Transforming quality evaluation

Abstract
This paper outlines the preponderant approaches to external quality evaluation, including the purpose, focus, object, rationale, and methods of external evaluations. Accountability, compliance and, in some countries, control are much more frequent rationales for external monitoring than improvement. Research on the impact of quality monitoring is difficult because it is impossible to control all relevant factors to be able to map causal relationships. Arguably, such an endeavour is a positivist device that ignores the complexity and the wider socio‐political context of the quality phenomenon. Nonetheless, there is some impact research, which might be characterised as overview studies or close‐up studies.

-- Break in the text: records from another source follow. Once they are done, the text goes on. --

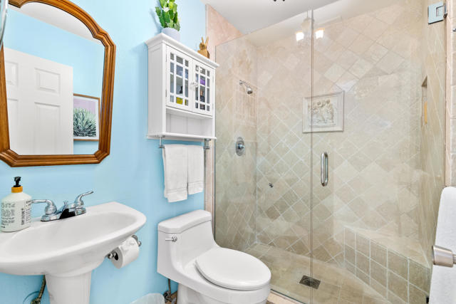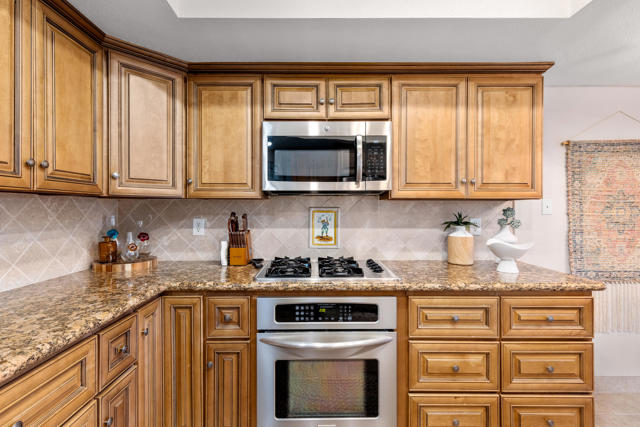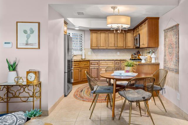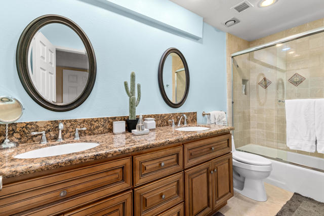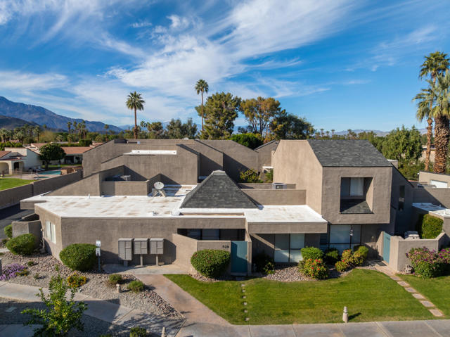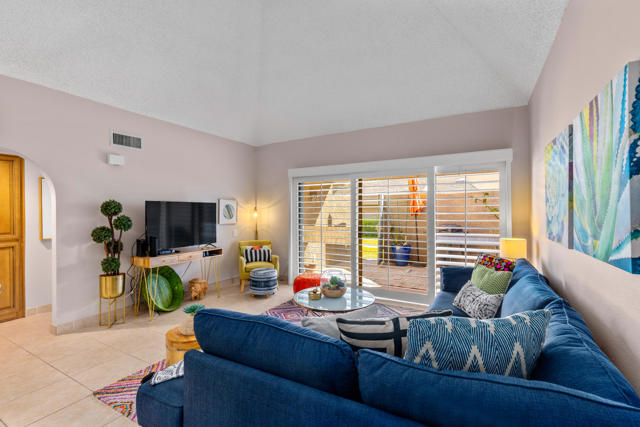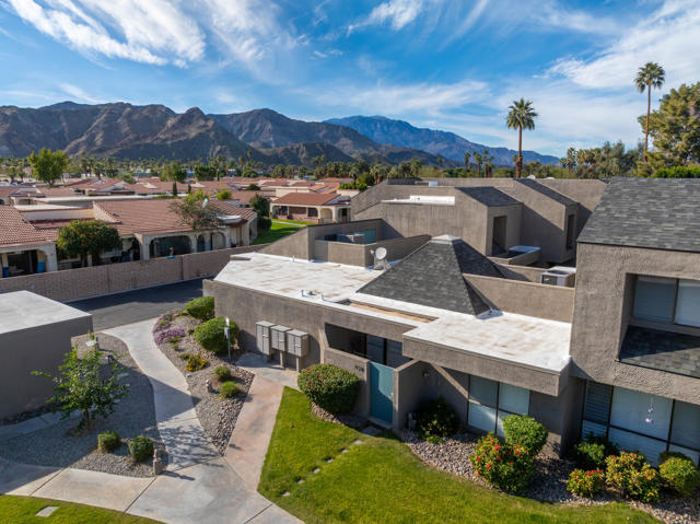 Beautifully updated 2bd & 2bath turnkey condo located in Desert Village in the heart of Rancho Mirage. Walking distance to The River, outdoor mall, and the Omni Rancho Las Palmas Resort & Spa. As you enter the home and walk into the room your eyes are drawn to the vaulted ceiling with a pretty piece of stained glass. The open floorplan creates a comfortable space that offers designer curated furnishings and planation shutters. The kitchen comes equipped with custom cabinetry and stainless steel appliances. The primary bedroom has an ensuite bath that has a double vanity and custom tiled shower. The guest bedroom is steps away from the adjacent full guest bath. It also has exclusive access to an outdoor patio area. The private patio off of the living area has mountain views and is the perfect spot to relax and enjoy the beautiful desert weather. The community features 3 pools, 2 spas, clubhouse, tennis court, all just a short walk from your home. Start enjoying your desert lifestyle today!
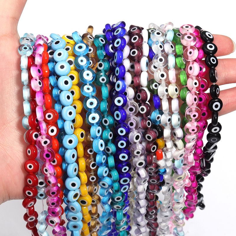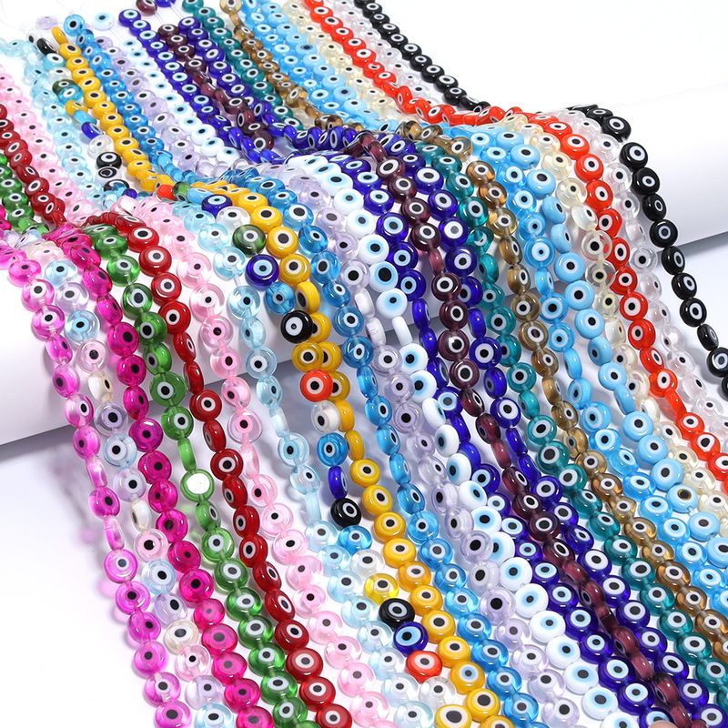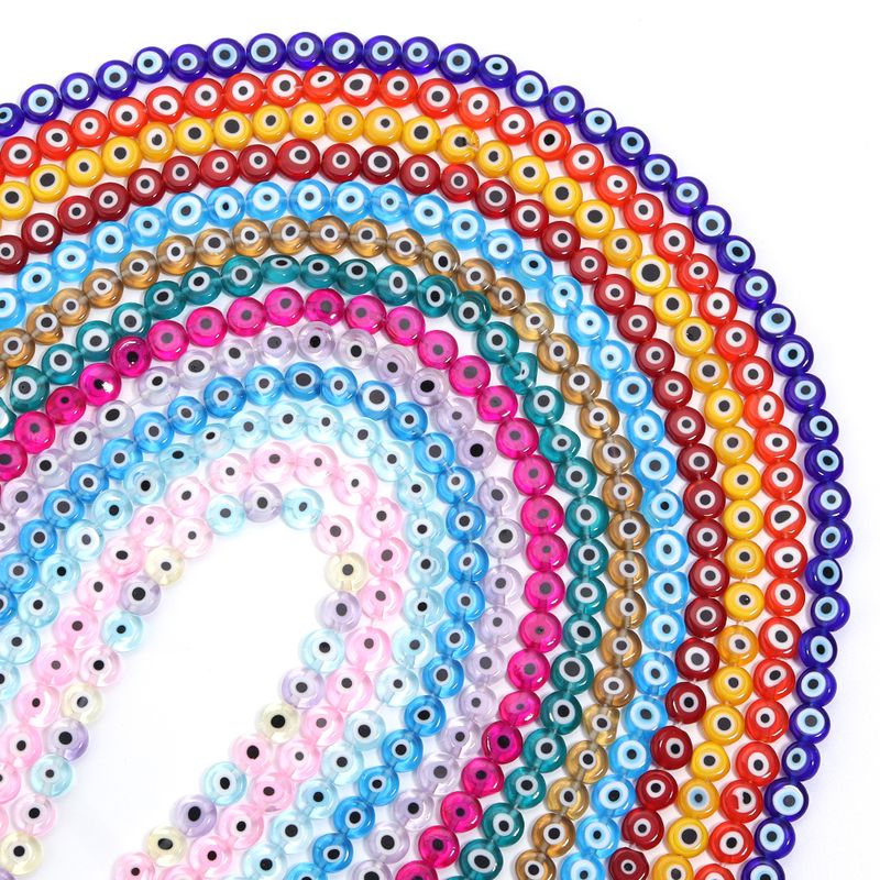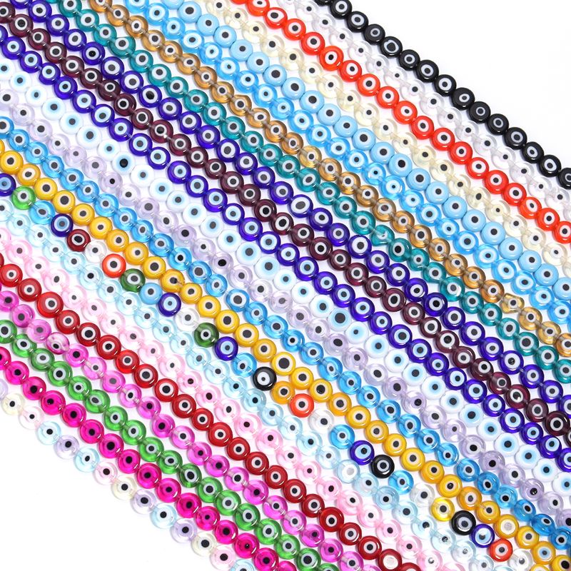 1String 4 6 8 10mm Lampwork Flat Round Beads Multicolor Evil Eye Loose Spacer Glass Beads For DIY Charm Bracelet Accessories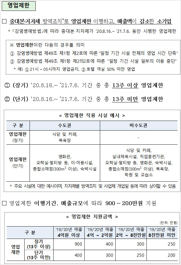 소상공인 영업제한 업종의 경우 지난해 8월16일부터 올해 7월6일까지 기간 중 영업제한 조치를 이행하고 매출이 감소한 사업체가 지원 대상이 됩니다.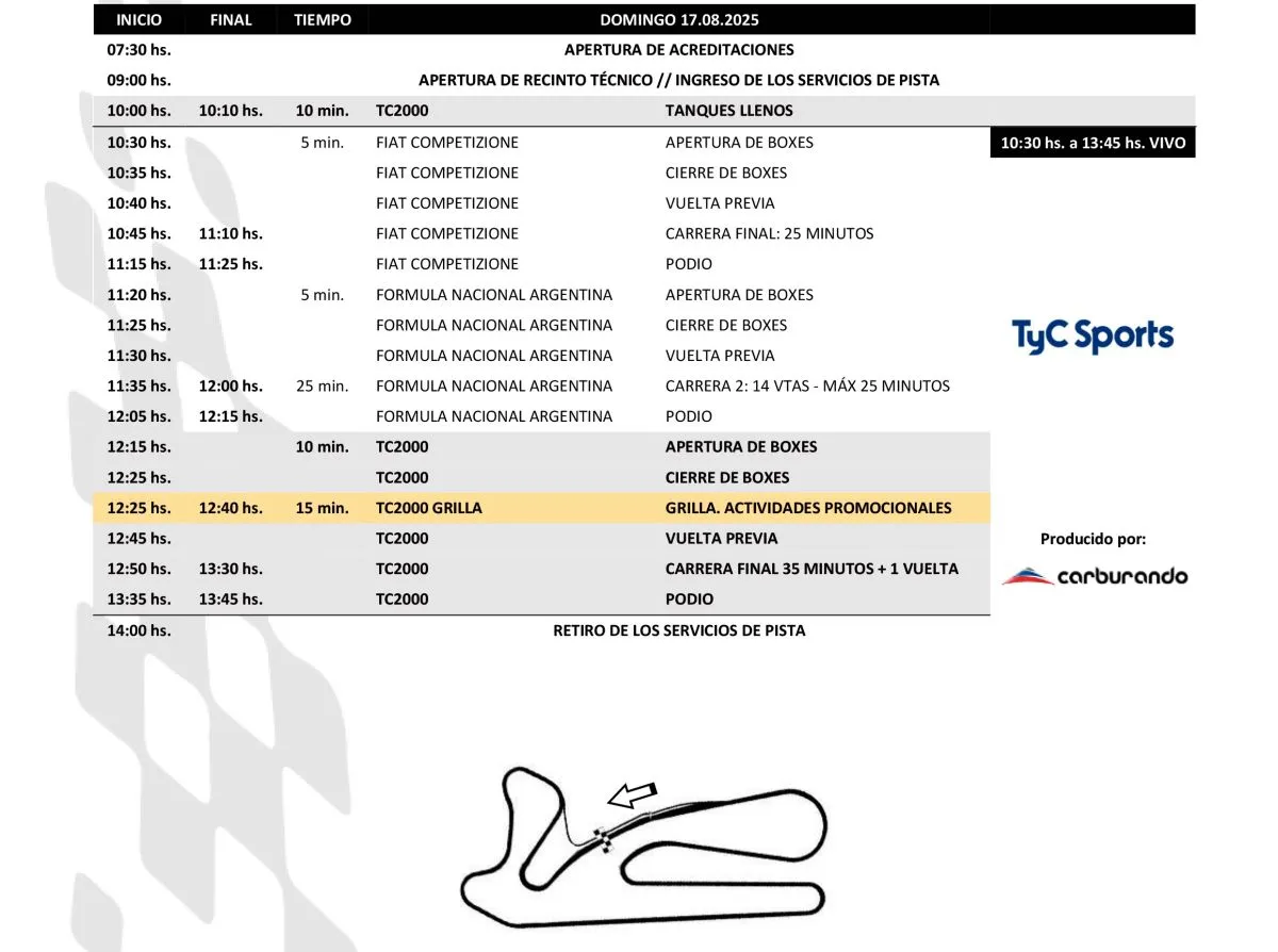Tras seis años de ausencia, el TC2000 vuelve a rugir en General Roca. El próximo 15, 16 y 17 de agosto de 2025, el Autódromo Parque Ciudad será escenario de la sexta fecha del 46º Campeonato Argentino de TC2000 YPF Infinia, con la presencia de los principales pilotos y escuderías del país, además de invitados internacionales.

These studies reinforce the view that quality is about compliance and accountability and has, in itself, contributed little to any effective transformation of the student learning experience. Where changes to the student experience have taken place, this has arguably been the result of factors other than the external quality monitoring: at best the existence of the latter provides a legitimation for internally‐driven innovation. If quality evaluation is to be transformed to make it transforming it is time to reclaim quality evaluation from opportunistic politicians, re‐establish trust in higher education and focus attention on internal processes and motivators. Instead of politically acceptable methods, quality evaluation needs to adopt appropriate research methodologies. The paper will conclude by exploring the conditions under which quality evaluation might be transformed.